Green comet visible over Western Pa. tonight if clouds cooperate

Feb. 1—The so-called green comet will make its closest approach to Earth in about 50,000 years tonight, but whether you'll see it in the skies above Western Pennsylvania is debatable.

"Unfortunately, we're going to have increasing cloudiness overnight," said Lee Hendricks, a meteorologist with the National Weather Service in Moon.

"Some of those clouds will be thin, so there's a chance you might see it," he added. "I give it a 50-50 peak chance."

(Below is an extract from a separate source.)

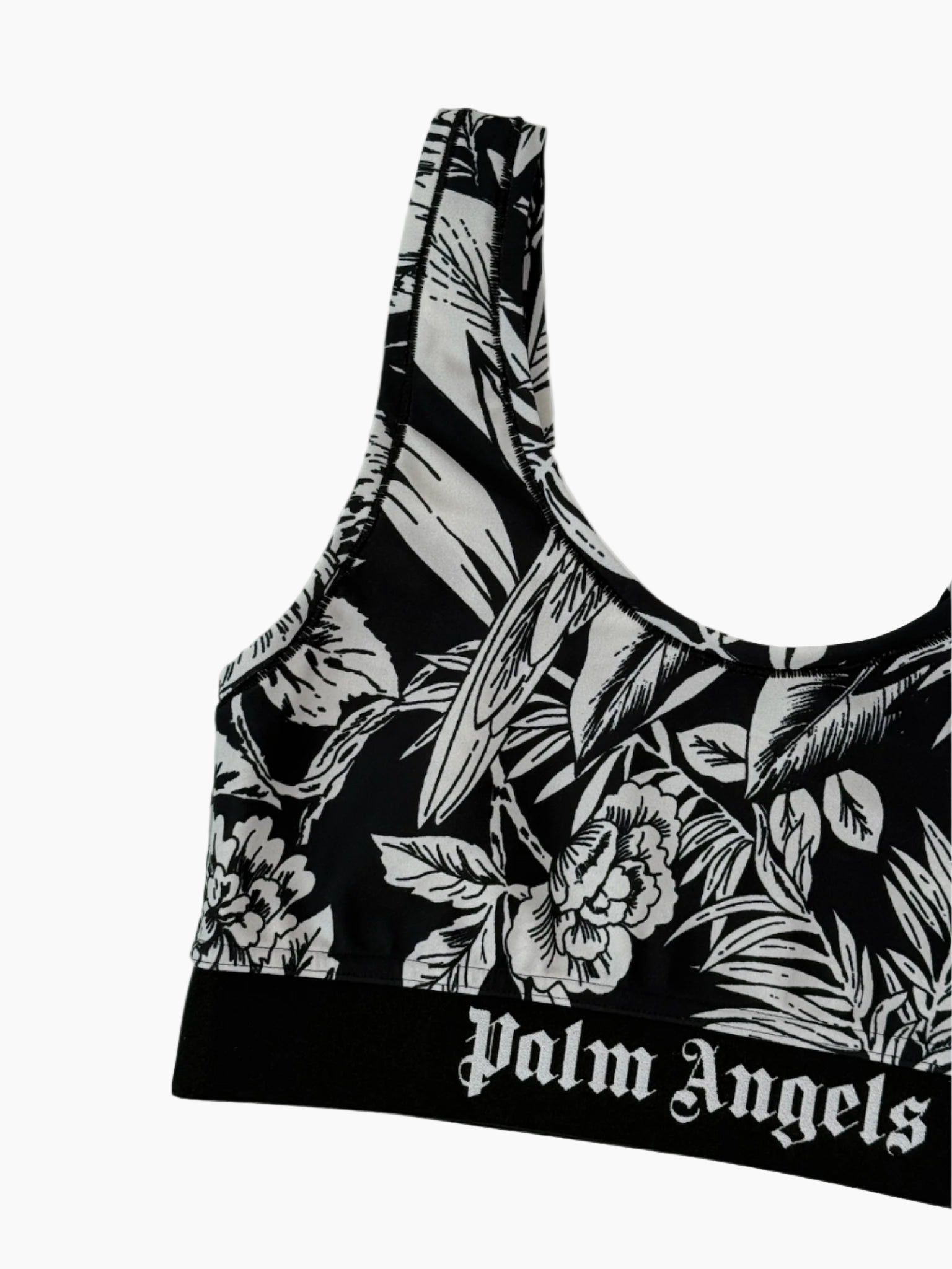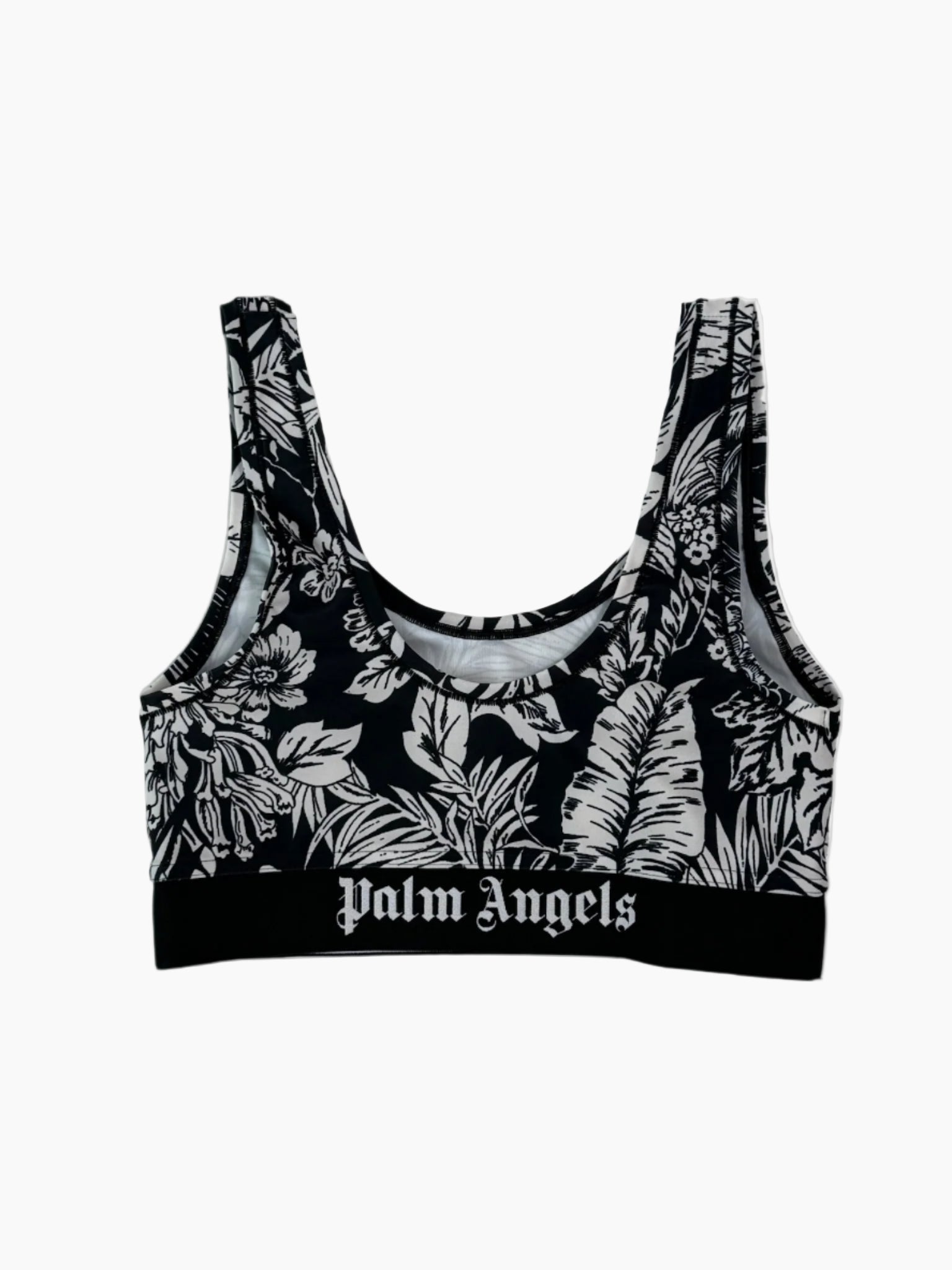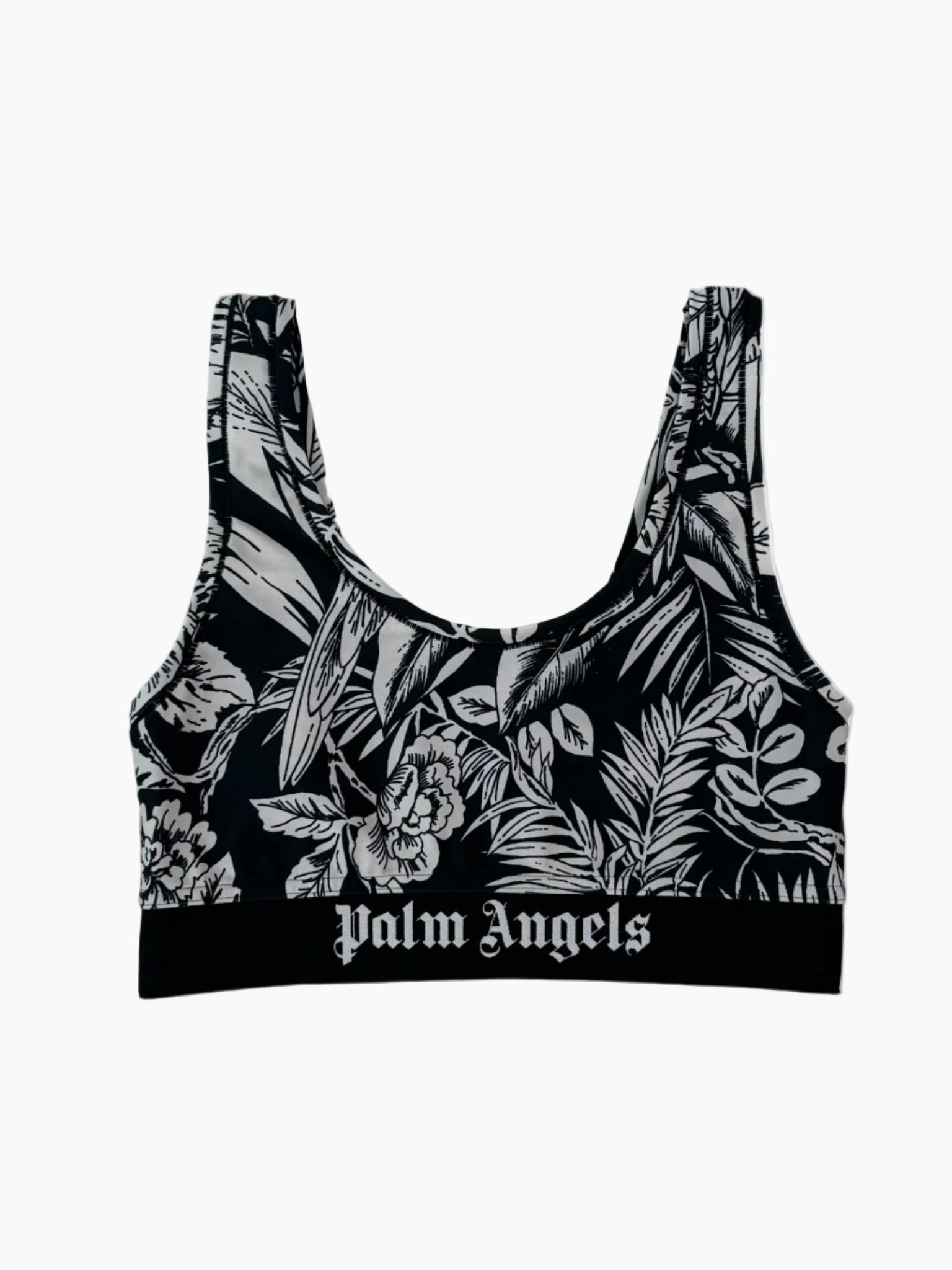 Top sportivo a fascia con spalline larghe, realizzato in tessuto tecnico elasticizzato. La stampa jungle bianca dona un tocco esotico e grafico, mentre l'elastico sotto seno con logo a contrasto assicura supporto e stile.

If the weather cooperates, viewers in the Northern Hemisphere who can find a spot away from significant light pollution will be able to see it, albeit faintly, without a telescope.

They will need to look to the northern sky between the Big Dipper and the North Star. It will be visible as a fuzzy smudge of light, possibly with a greenish cast.

If the atmosphere doesn't allow for naked-eye viewing, they can check out Live View of Comet C/2022 E3 on YouTube or tune in to the Virtual Telescope Project's livestream beginning at 11 p.m.

The comet, known to astronomers as C/2022 E3 (ZTF), will come within 26.4 million miles of Earth tonight, its closest approach in about 50,000 years, stretching back to the Neanderthal age. It is traveling at about 128,5000 miles per hour.

Its greenish hue comes from the gas that makes up the coma, a temporary atmosphere surrounding its rocky core.

When a comet streaks past a star, energy from the star — in this case, the sun — vaporizes the comet's ices into gas, forming the coma. The color of that coma comes from the type of gas present.

Some of the gas around C/2022 (ZTF) contains diatomic carbon. When those molecules are hit by ultraviolet radiation, they glow green.

The green comet was spotted last March by astronomers using the Zwicky Transient Facility at the Palomar Observatory in California. It isn't expected to make another pass by Earth for millions of years.